===== Provided material =====

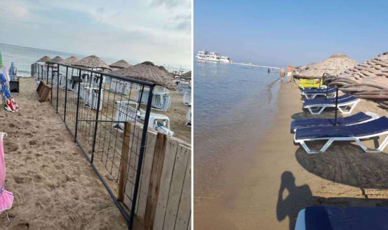 Ayvalık’ta otel ve plaj işletmecilerinin, şezlongları suya girecek kadar yakına dizmeye başlaması, özel şezlong bölgelerini tel örgüler ve çitlerle çevirmesi tepki topluyor.
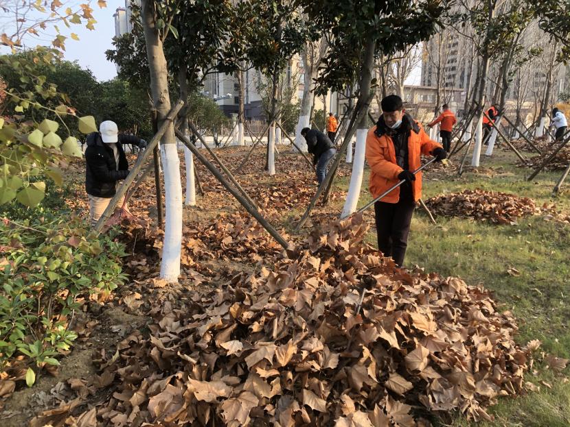 活動(dòng)現(xiàn)場(chǎng),黨員同志、積極分子分為兩撥,分別從創(chuàng)智綠園北門(mén)和東門(mén)對(duì)園內(nèi)雜草落葉進(jìn)行清除。在戴好手套,做好防護(hù)、防凍措施的同時(shí),紛紛拿著掃帚、耙子等工具,統(tǒng)籌安排、分工勞作,齊心協(xié)力,有的用掃帚掃落葉、有的用袋子裝落葉、有的用耙子摟落葉……大家忙得熱火朝天,充分發(fā)揚(yáng)不怕臟、不怕苦、不怕累的黨員先鋒本色,創(chuàng)智綠園內(nèi)處處是同志們清理雜草落葉的身影,構(gòu)成了一道亮麗的風(fēng)景線(xiàn),經(jīng)過(guò)一個(gè)多小時(shí)的辛勤勞動(dòng),兩撥隊(duì)伍順利“會(huì)師”,沿途雜草落葉被清理得干干凈凈,公園環(huán)境也得到明顯改善。
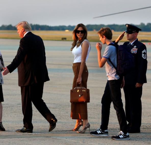 Melanija i Baron su predsedničkim avionom Air Force One u pratnji Donalda Trampa sleteli u vazdušnu bazu Andrevs u predgrađu Vašingtona. Dečak se tokom putovanja igrao zvrkom koji je trenutno u modi.
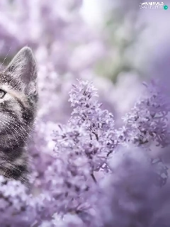 without, cat, Flowers
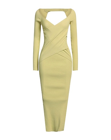 Bodycon-Kleid, Handgestrickt, Rippenmuster, einfarbig, Rückenausschnitt, tiefer Ausschnitt, lange Ärmel, ungefüttert, Ohne Taschen, Seitenschlitze

=====

--- What is required ---
Copy out the listing exactly as it stands, but not the pictures.

--- Result below ---
 Ayvalık’ta otel ve plaj işletmecilerinin, şezlongları suya girecek kadar yakına dizmeye başlaması, özel şezlong bölgelerini tel örgüler ve çitlerle çevirmesi tepki topluyor.
 活動(dòng)現(xiàn)場(chǎng),黨員同志、積極分子分為兩撥,分別從創(chuàng)智綠園北門(mén)和東門(mén)對(duì)園內(nèi)雜草落葉進(jìn)行清除。在戴好手套,做好防護(hù)、防凍措施的同時(shí),紛紛拿著掃帚、耙子等工具,統(tǒng)籌安排、分工勞作,齊心協(xié)力,有的用掃帚掃落葉、有的用袋子裝落葉、有的用耙子摟落葉……大家忙得熱火朝天,充分發(fā)揚(yáng)不怕臟、不怕苦、不怕累的黨員先鋒本色,創(chuàng)智綠園內(nèi)處處是同志們清理雜草落葉的身影,構(gòu)成了一道亮麗的風(fēng)景線(xiàn),經(jīng)過(guò)一個(gè)多小時(shí)的辛勤勞動(dòng),兩撥隊(duì)伍順利“會(huì)師”,沿途雜草落葉被清理得干干凈凈,公園環(huán)境也得到明顯改善。
 Melanija i Baron su predsedničkim avionom Air Force One u pratnji Donalda Trampa sleteli u vazdušnu bazu Andrevs u predgrađu Vašingtona. Dečak se tokom putovanja igrao zvrkom koji je trenutno u modi.
 without, cat, Flowers
 Bodycon-Kleid, Handgestrickt, Rippenmuster, einfarbig, Rückenausschnitt, tiefer Ausschnitt, lange Ärmel, ungefüttert, Ohne Taschen, Seitenschlitze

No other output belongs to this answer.